Dr. Herrmann: Yes. So, what I pass on to the oncology community is that underneath the breast is the heart on the left side on the chest, so it’s right there even if you don’t see it, and you should start thinking about it even before therapy. And I think a useful concept here is the multiple hit theory. And as far as underlying baseline cardiovascular risk factors, hypertension, diabetes, as you add all of these up, they can all reduce the cardiovascular reserve of the patient as they then undergo cancer therapy. So, that’s, I think, is the first step. To think about the patient-related risk factors and do they bring a lot to the table, and then what kind of therapies are we giving? Are we giving anthracyclines? Are we giving trastuzumab? So that’s the first important step. And if the risk factors add up, maybe not just by themselves but if they add up, then these patients should be followed with echocardiograms.
They should have a baseline echo so we know what the reference is because sometimes we’re in these scenarios where, lo and behold, the patients may develop symptoms or someone decides to check an echo right into the course of the chemotherapy and then it’s reduced and we don’t know, was that preexisting or not. And particularly for trastuzumab, we’ve tried to define those young, healthy females with no other risk factors who can forego these kinds of surveillance recommendations, but it’s really hard to do so.
So, we really feel that someone who goes on trastuzumab therapy, they should have a baseline and 3 months of the echocardiograms until they are completed with the chemotherapy. And then the American Society of Echocardiography would also recommend a 6-month follow-up in patients who had anthracyclines and trastuzumab, but then after that, after the 6- to 12-month period, there is really no guidance. And we do need these data as how to follow these breast cancer patients long term.
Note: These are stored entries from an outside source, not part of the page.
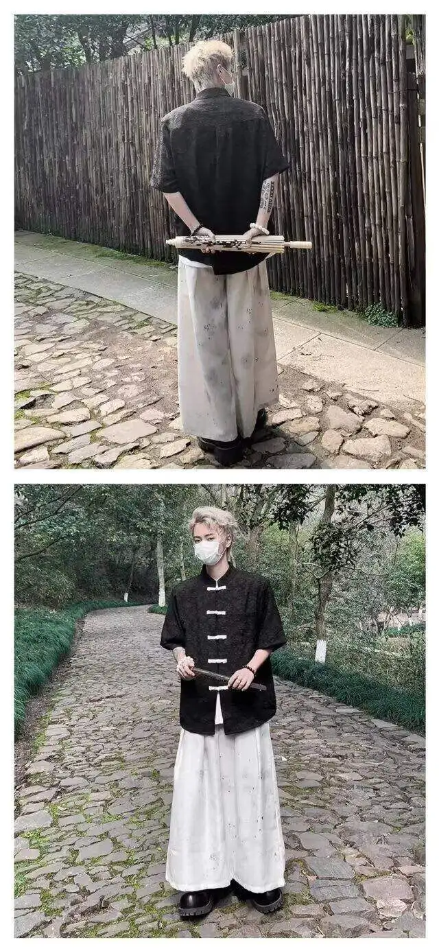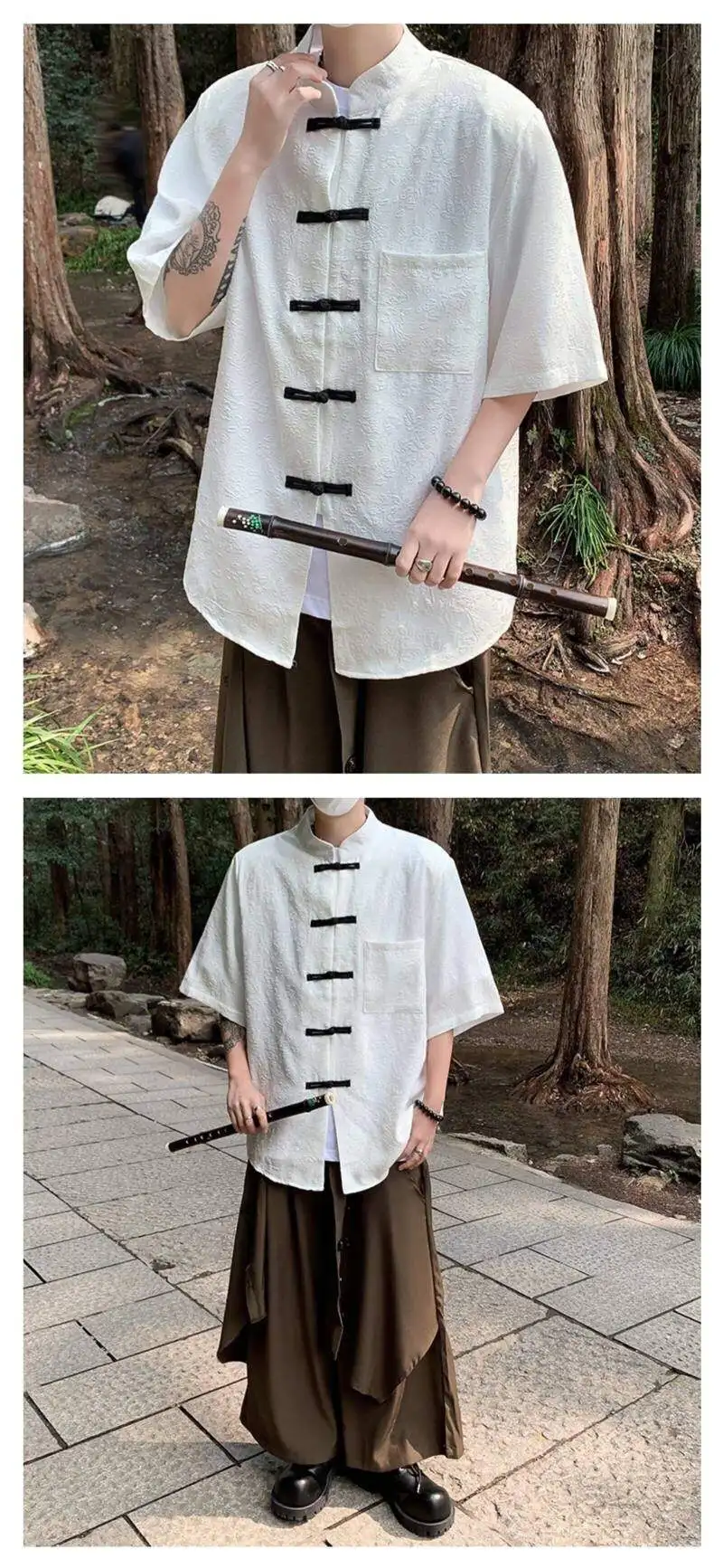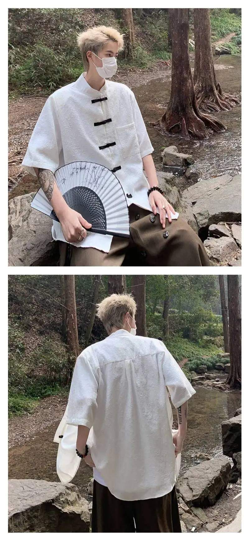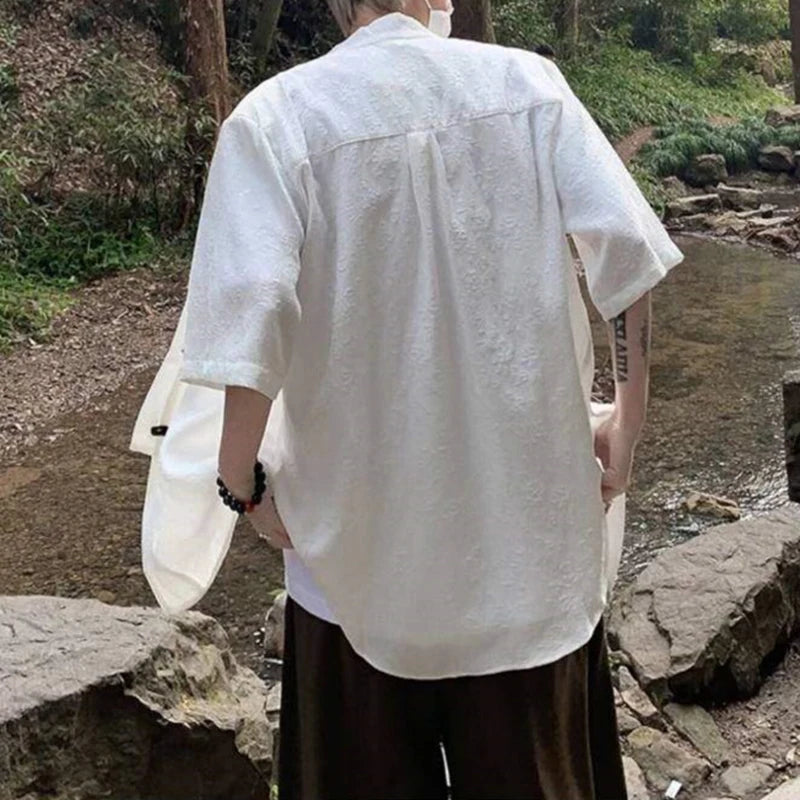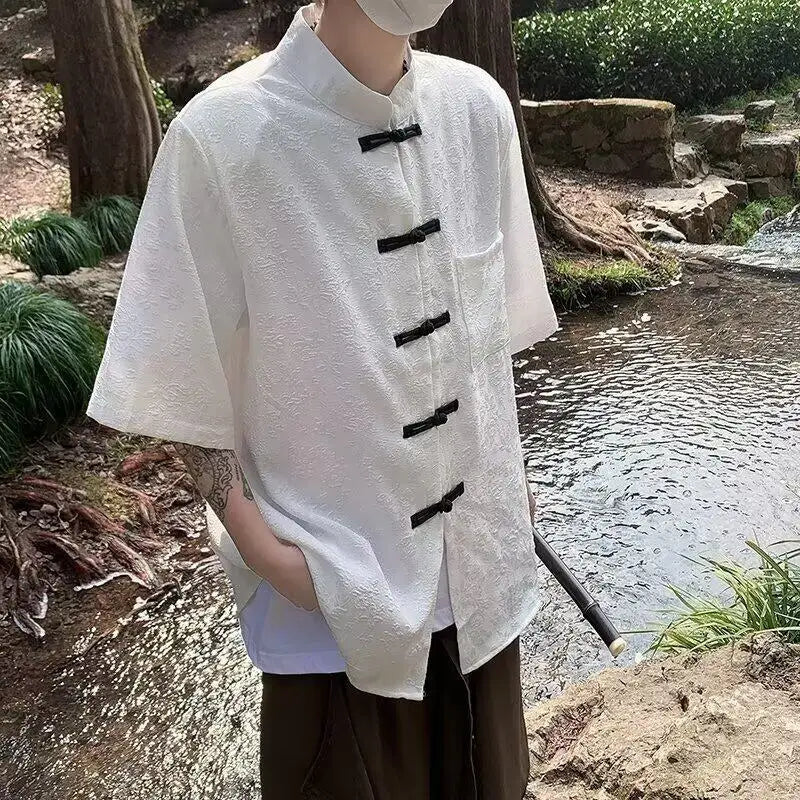 AIDASE - New Chinese Style Men's Shirt Trend Short Sleeve Stand Collar Jacquard Pattern Button-front Shirts Summer Stylish 21E6432
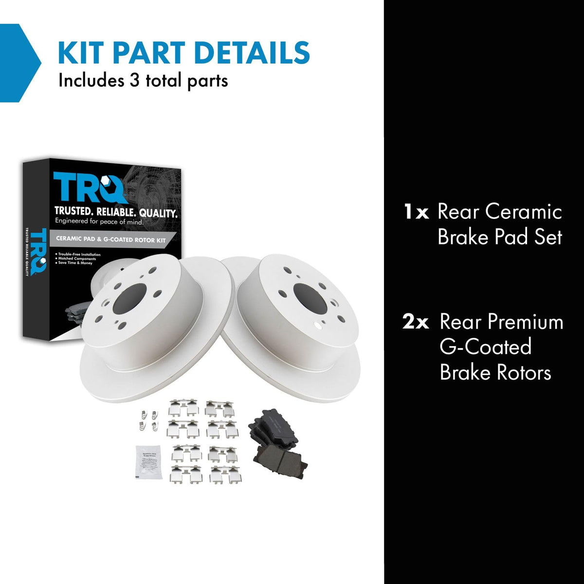 Ceramic Brake Pad & Rotor KitKit Includes(1) Rear Ceramic Brake Pad Set(2) Rear Premium G-Coated Brake RotorsFitmentCompatible with: 2012-17 Toyota Camry Rear Ceramic Premium G-Coated Brake Pad & Rotor KitCompatible with: 2013-18 Lexus ES350 Rear Ceramic Premium G-Coated Brake Pad & Rotor KitCompatible with: 2013-18 Toyota Avalon Rear Ceramic Premium G-Coated Brake Pad & Rotor KitCompatible with: 2013-18 Lexus ES300h Rear Ceramic Premium G-Coated Brake Pad & Rotor KitProduct AttributesBrake Rotor Diameter: 11.06 in. (281mm)Wheel Lug Count: 5 LugBrake Pad Friction Material: CeramicBrake Rotor Coating: Premium G-CoatedBrake Pad Bonding Type: Premium PosiBrake Rotor Venting Type: SolidProduct Features Positive Molded: Less dust resulting in clean wheels Electrostatic Coated: Long-lasting rust protection G3000 Casting Alloy: Reduced noise and improved wear resistance Application Specific Design: Extended service life, no modificationsItem DetailsTRQ brake kits are designed to restore your brake system to like-new performance. TRQ brake pads are positive molded, thermal scorched, chamfered, and utilize a multi-layer shim for enhanced performance and service life. TRQ G-coated rotors have long-lasting rust prevention, perfect for wheels with large openings that expose the rotor and rotor hat during daily drives. All products are fit and road-tested in our Massachusetts R&D facility to ensure we deliver on our promise of Trusted Reliable Quality.Reference NumbersAamco: 31608Aimco: 31608Lexus: 446606090, 446633160, 446633180, 446633200, 446642060Pontiac: 19184917Raybestos Brakes: EHT1212H, MGD1212CH, SGD1212CToyota: 1446633210, 446602220, 446606060, 446606090, 446606200, 446633160, 446633180, 446642060
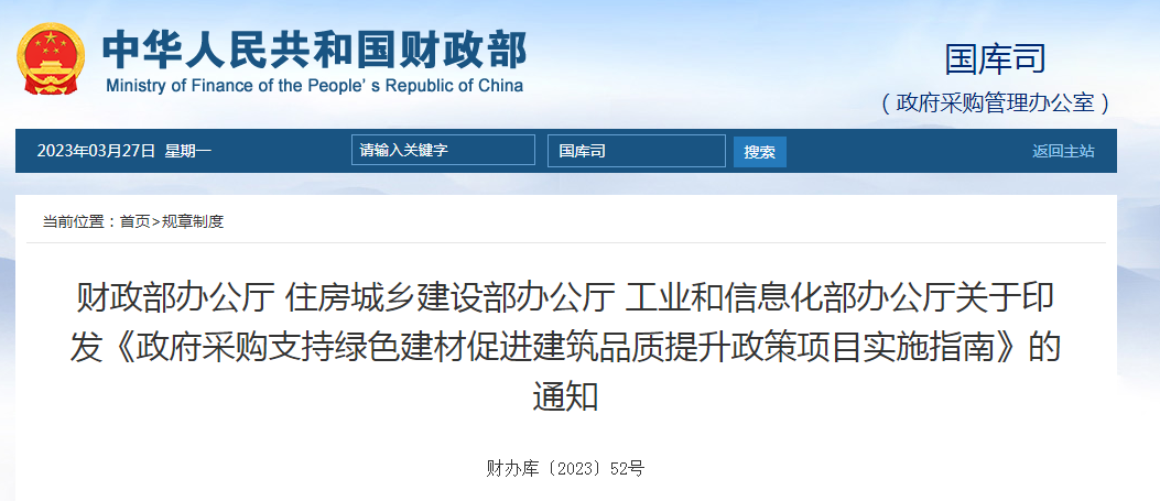 為推進政府采購支持綠色建材促進建筑品質提升政策實施工作,財政部、住房城鄉建設部、工業和信息化部制定了《政府采購支持綠色建材促進建筑品質提升政策項目實施指南》,現印發給你們,請納入政策范圍的有關城市(市轄區)參照執行。

Dr. Shah: And we have the data for trastuzumab, but I expect that you would say be conservative. And also for patients who are only getting pertuzumab, still follow them with echocardiograms?
Dr. Herrmann: Yeah. It’s usually given in combination.
Dr. Shah: So, virtually all HER2-positive patients should get baseline echocardiograms and be followed up. And that seems like a big change.
Dr. Herrmann: Yeah, and it’s also, we’re integrating in these echocardiograms, strain analyses. And there is some data showing that this would indicate at least three months earlier if someone is in the direction a drop of ejection fraction. And obviously, the goal is to detect this, and to avoid that they progress further to heart failure symptoms but no one knows how to react to an abnormal strain.
So, what do you advise? So, if you’re in that situation, would you say stop therapy, start cardiovascular medications, or just don’t do anything? Just wait until EF drops?
We’re now starting a clinical trial, NIH funded, at Mayo. It’s called TACTIC because we really don’t know the right tactic for these patients. It will have three arms. One will be the standard, which is wait and see right now until the EF drops. The comparator group, one comparator group is reacting to an abnormal strain or high sensitive troponin elevation. And the first arm is to use just a preemptive approach, to assume that these patients are at risk and we’re not really able to accurately tell. So, carvedilol is the intervention. And then we also try to address not only these two questions, do we need prevention for trastuzumab cardiotoxicity as that reached more attention now, and when do we start it, but also when do we stop it because patients ask.
I mean, I’m done with my cancer therapy, presumably, what I’ve told you earlier, the risk period is over, but can we stop it, but then we have all these other registry-based data indicating that the risk might persist. So, the study will also look at another year or not of carvedilol therapy after everything is said and done and thought to be good.